Самбо, широко распахнув двери и доложив о прибытии мистера Джозефа, вошел следом за коллектором, скаля зубы и неся два красивых букета, которые наш галантный волокита приобрел на Ковент-Гарденском рынке{26}. Они не были так объемисты, как те копны сена, которые нынешние дамы носят с собой в конусах из кружевной бумаги, но девицы пришли в восторг от подарка, поднесенного Джозефом каждой с чрезвычайно церемонным поклоном.
— Браво, Джо! — воскликнул Осборн.
— Спасибо, Джозеф, голубчик, — сказала Эмилия, готовая расцеловать брата, если бы он только пожелал. (А за поцелуй такой милой девушки, как Эмилия, я, не задумываясь, скупил бы все оранжереи мистера Ли!)

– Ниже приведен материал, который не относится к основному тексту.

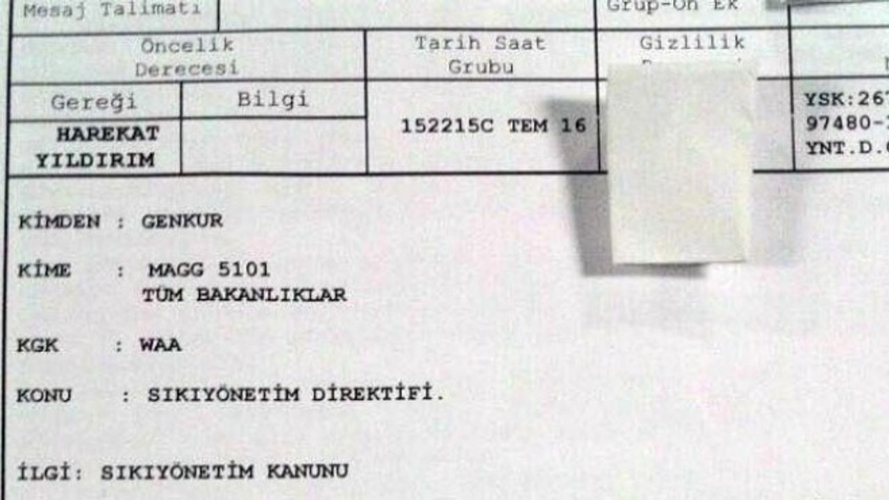 İl idarelerinin Sıkıyönetim Komutanlıklarına devredileceğinin söylendiği talimat ana hatlarıyla şöyle: 'Tüm polis teşkilatı Sıkıyönetim komutanları emrine alınmıştır. Vazifenin yerine getirilmesinde kusurlu davrananlar hakkında gereken adli ve idari işlemler sıkıyönetim komutanlıklarınca yapılacaktır. Asayiş ve emniyet temini maksadıyla sıkıyönetim komutanları, il-ilçe belediyeleri, emniyet müdürlükleri yakın işbirliği ve koordinasyon içinde çalışacaktır. Bu kapsamda vatandaşların da desteğinin sağlanması için gerekli tedbirler alınacaktır. Yurtta Sulh Konseyi tarafından yürürlüğe konacak tüm talimat ve bildiriler Genelkurmay Başkanlığı resmi internet sitesinden duyurularak resmi olarak tebliğ edilecektir.' Darbe girişimi ise Yıldırım Harekat Planı kapsamında icra edildiği anlaşılıyor. Eğer darbe başarılı olsaydı, Türkiye'de milli iradenin yanında olan binlerce isim askeri mahkemelerde yargılanacak ve hapsedilecekti.
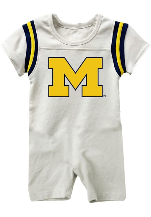 Product Details Product Details Screen print graphic center chestTeam color stripes on arm inset and sleeve cuffShort leg romper100% COTTONPerfect for any young sports fan!Officially licensed100% COTTONImport, Domestic Officially Licensed Your little Wolverines fan will look adorable in this Baby Blue Michigan Wolverines Romper One Piece! This Michigan Wolverines Romper features a screenprint team graphic.

— О божественные, божественные цветы! — воскликнула мисс Шарп, изящно нюхая и прижимая их к груди и возводя в экстазе взоры к потолку. Очень может быть, что она прежде всего освидетельствовала букет, чтобы узнать, нет ли там какого-нибудь billet doux,[8] спрятанного среди цветов; но письма не было.
— А что, Седли, у вас в Богли-Уолахе умеют разговаривать на языке цветов? — спросил, смеясь, Осборн.
— Чепуха, вздор! — отвечал этот нежный воздыхатель. — Купил букеты у Натана. Очень рад, если они вам нравятся. Ах да, Эмилия! Я заодно купил еще ананас и отдал Самбо. Вели подать к завтраку. Очень вкусно и освежает в такую жаркую погоду.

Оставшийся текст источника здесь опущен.